The example in the figure illustrates the uncertainty involved in deciding whether the element is an “a” or a “b.”
8

Bayes’ Rule: Example Problem
Adapted from “Machine Learning” by Marsland, Second Edition, p27

Probability that pattern represents ‘a’ …
… given observation X …
Expressed: p(letter is a | observation_X)
observation 1
observation 2

Conditional probability concerns the probability of an event when a pertinent fact is known. For example, the probability of selecting a red ball from a bag containing 5 red and 5 blue balls is 50% but the probability of the same event given that a blue ball has been removed is different.

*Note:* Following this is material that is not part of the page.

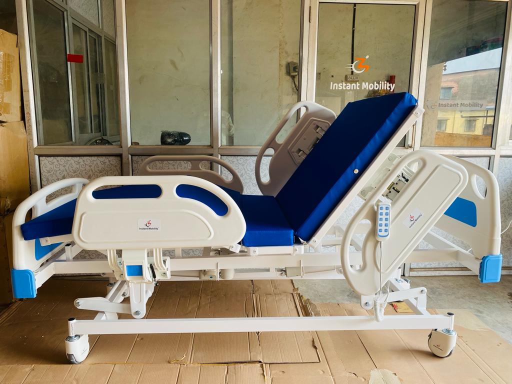 The 5 Function Motorized Bed from Western Healthcare is designed for ultimate patient comfort, safety, and convenience. With motorized adjustments for backrest, leg rest, height, knee tilt, and Trendelenburg/Reverse Trendelenburg, this bed ensures precise positioning for medical care, rehabilitation, and home recovery. Ideal for hospitals, nursing homes, clinics, and home healthcare setups. Built with a heavy-duty steel frame and sturdy safety rails, it is durable, reliable, and easy to operate. Available for rent and sale, making it a flexible solution for short-term or long-term patient care

One can rephrase the question
what letter is observation 1?
in the figure conditionally as
what is the probability that the letter is ‘a’, given that 1 has been observed?
9

Bayes’ Rule: The Goal
Find p(a|X) in terms of measurable quantities

So probability can be applied to the uncertainty of if-then rules by turning them from …
IF X THEN a
into …
p(a|X), ”p” meaning “probability.”

In other words: “if I know X, how likely is a to be valid?”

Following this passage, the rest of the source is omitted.